Restate word for word the material below, starting at the line that contains "윤석열 43.4% vs" and stopping after the last line; skip pictures.

══ RAW DATA

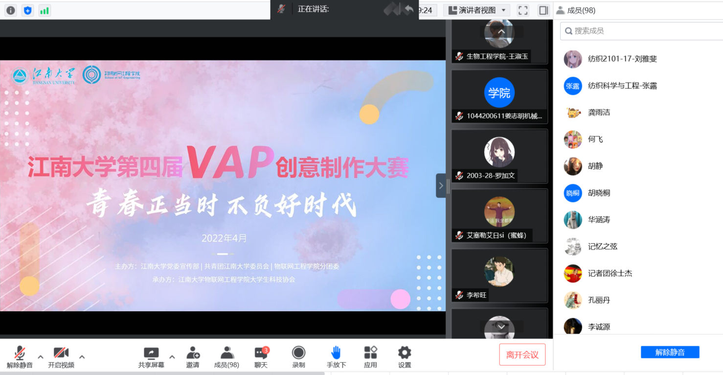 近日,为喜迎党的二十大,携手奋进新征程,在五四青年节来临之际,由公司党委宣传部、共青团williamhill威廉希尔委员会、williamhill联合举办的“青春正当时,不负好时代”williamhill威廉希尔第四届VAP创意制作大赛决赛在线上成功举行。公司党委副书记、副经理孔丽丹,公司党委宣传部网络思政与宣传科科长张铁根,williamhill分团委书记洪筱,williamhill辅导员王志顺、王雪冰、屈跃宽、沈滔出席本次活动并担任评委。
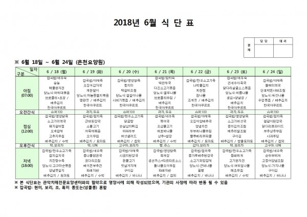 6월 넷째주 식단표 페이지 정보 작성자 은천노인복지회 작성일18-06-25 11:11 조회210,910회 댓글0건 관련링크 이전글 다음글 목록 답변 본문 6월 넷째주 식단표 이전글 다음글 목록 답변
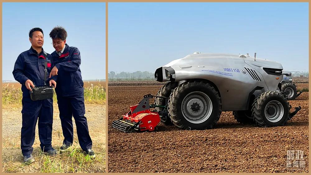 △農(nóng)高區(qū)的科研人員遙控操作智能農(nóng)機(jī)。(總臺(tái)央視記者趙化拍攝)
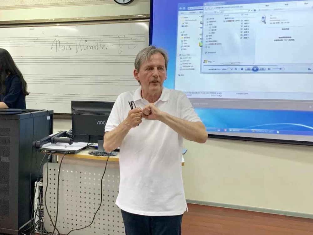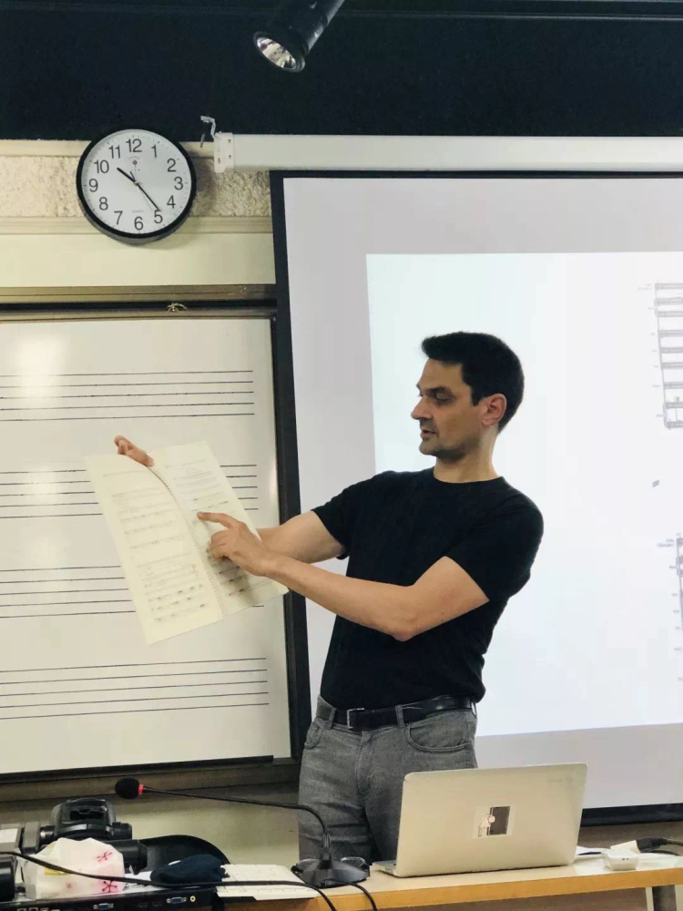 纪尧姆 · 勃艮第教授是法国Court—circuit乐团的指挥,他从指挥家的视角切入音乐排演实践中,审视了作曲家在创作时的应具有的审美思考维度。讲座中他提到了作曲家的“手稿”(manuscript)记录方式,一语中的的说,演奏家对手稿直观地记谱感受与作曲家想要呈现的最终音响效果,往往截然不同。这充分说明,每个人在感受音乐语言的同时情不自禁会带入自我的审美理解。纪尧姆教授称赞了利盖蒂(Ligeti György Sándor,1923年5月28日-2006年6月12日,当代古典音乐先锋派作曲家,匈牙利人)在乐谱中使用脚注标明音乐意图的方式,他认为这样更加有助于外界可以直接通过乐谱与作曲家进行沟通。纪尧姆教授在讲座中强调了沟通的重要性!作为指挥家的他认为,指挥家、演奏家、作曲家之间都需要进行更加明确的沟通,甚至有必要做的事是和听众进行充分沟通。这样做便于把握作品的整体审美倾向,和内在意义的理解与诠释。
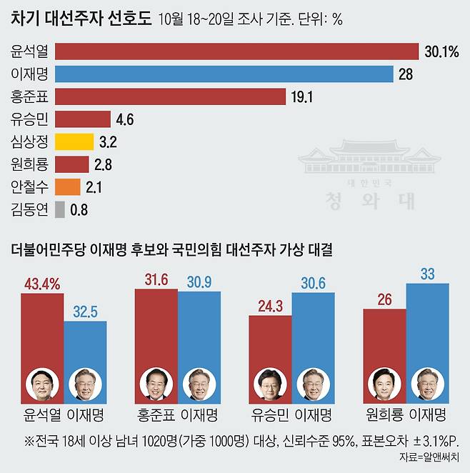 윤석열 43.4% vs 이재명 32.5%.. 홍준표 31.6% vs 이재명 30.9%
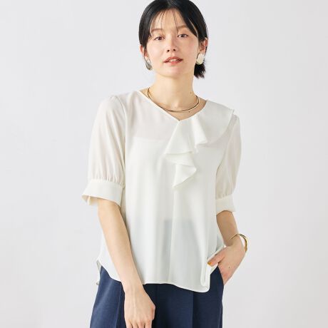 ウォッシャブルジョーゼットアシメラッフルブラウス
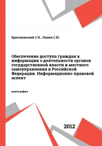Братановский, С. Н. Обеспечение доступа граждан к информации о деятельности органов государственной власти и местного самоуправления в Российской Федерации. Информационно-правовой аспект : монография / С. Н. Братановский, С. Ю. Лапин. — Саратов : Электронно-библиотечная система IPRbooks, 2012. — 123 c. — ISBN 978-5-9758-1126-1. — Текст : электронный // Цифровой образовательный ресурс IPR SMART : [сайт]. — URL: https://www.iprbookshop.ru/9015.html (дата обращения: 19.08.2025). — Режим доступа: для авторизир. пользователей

════

# [SOLUTION TO THIS PROBLEM]
 윤석열 43.4% vs 이재명 32.5%.. 홍준표 31.6% vs 이재명 30.9%
 ウォッシャブルジョーゼットアシメラッフルブラウス
Братановский, С. Н. Обеспечение доступа граждан к информации о деятельности органов государственной власти и местного самоуправления в Российской Федерации. Информационно-правовой аспект : монография / С. Н. Братановский, С. Ю. Лапин. — Саратов : Электронно-библиотечная система IPRbooks, 2012. — 123 c. — ISBN 978-5-9758-1126-1. — Текст : электронный // Цифровой образовательный ресурс IPR SMART : [сайт]. — URL: https://www.iprbookshop.ru/9015.html (дата обращения: 19.08.2025). — Режим доступа: для авторизир. пользователей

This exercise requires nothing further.